しかし、ウクライナのミハイロ・フェドロフ副首相は、3月16日のツイートで、ロシアがミサイルを誘導するためにDJI製品を使っていると述べた。ロシアは、DJIのドローン検出ツールのAeroScopeを用いて、ウクライナ国内のDJI製ドローンを30マイル(約48キロ)の距離から識別していると彼は指摘した。
フェドロフは、世界中のハイテク企業に対してロシアを孤立させるよう働きかけ、ほぼ成功を収めているが、中国企業からは満足な回答が得られていない。中国はロシアを支援しつつ、米国やその同盟国からの非難を抑えようとしている。
フェドロフ副首相はDJIのフランク・ワンCEOに宛てた書簡で、ウクライナで購入・登録されていないドローンを排除し、同国にあるすべてのDJIのドローンが、いつ、どこで起動されたかを含む情報を提供するよう要求した。
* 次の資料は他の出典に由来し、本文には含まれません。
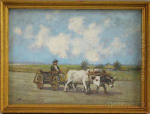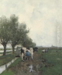 Landliche Strassenpartie Mit Bauerin Oil Painting by Willem Ferdinand Abraham Isaac (Vaarzon) Morel

「ロシアがウクライナ人を殺すためにあなたの製品が使用されている。これを防いで欲しい」と副首相は、ワンCEOに呼びかけた。
これに対しDJIは、AeroScopeを含む同社の製品が軍事的な技術要件を満たしておらず、消費者向けの製品だと述べた。同社のドローンは、米国連邦航空局(FAA)の懸念を払拭するために開発された電子ナンバープレートシステムの「リモートID」機能を持つが、この機能が米国で実際に稼働するのは2023年9月以降のことだ。
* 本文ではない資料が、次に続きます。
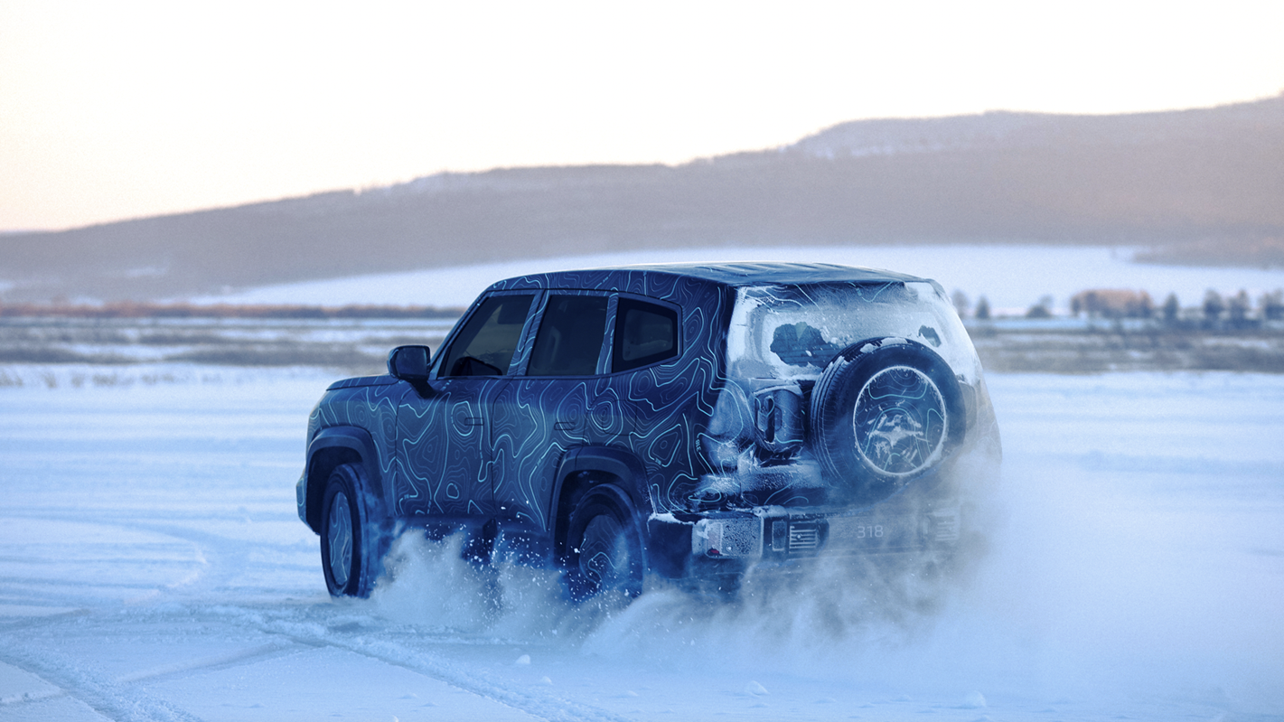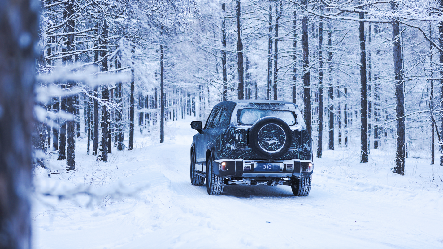 由于深蓝318本次曝光出来的谍照采用了高度伪装,整车被包裹得严严实实,因此我们也就只能看到它的大致轮廓。新车拥有非常硬朗平直的线条轮廓,四轮四角的设计结合整体向上提的前后保险杠以及不错的离地间隙,这也预示着它将会拥有不错的越野通过性。

しかし、DJIの技術が軍事用に設計されたものではないという話は理解できるが、説得力には欠ける。フォーブスは、AeroScopeを含む同社の技術が、米国で軍事用途で使用されていることを示す契約書を確認した。
DJIのAeroScopeは、Aerial Armorという業者を通じて米国税関・国境警備局(CBP)に利用され、米国の南部の国境での監視活動に使用されている。米国陸軍は2020年に同じ業者を通じて5万ドル相当のAeroScopeを発注し、2021年にも別の請負業者を通じて12万ドル相当を購入した。
これらの契約は、米国政府が中国政府への反感を高め、DJIに事実上の禁輸措置を発動したにもかかわらず、締結されていた。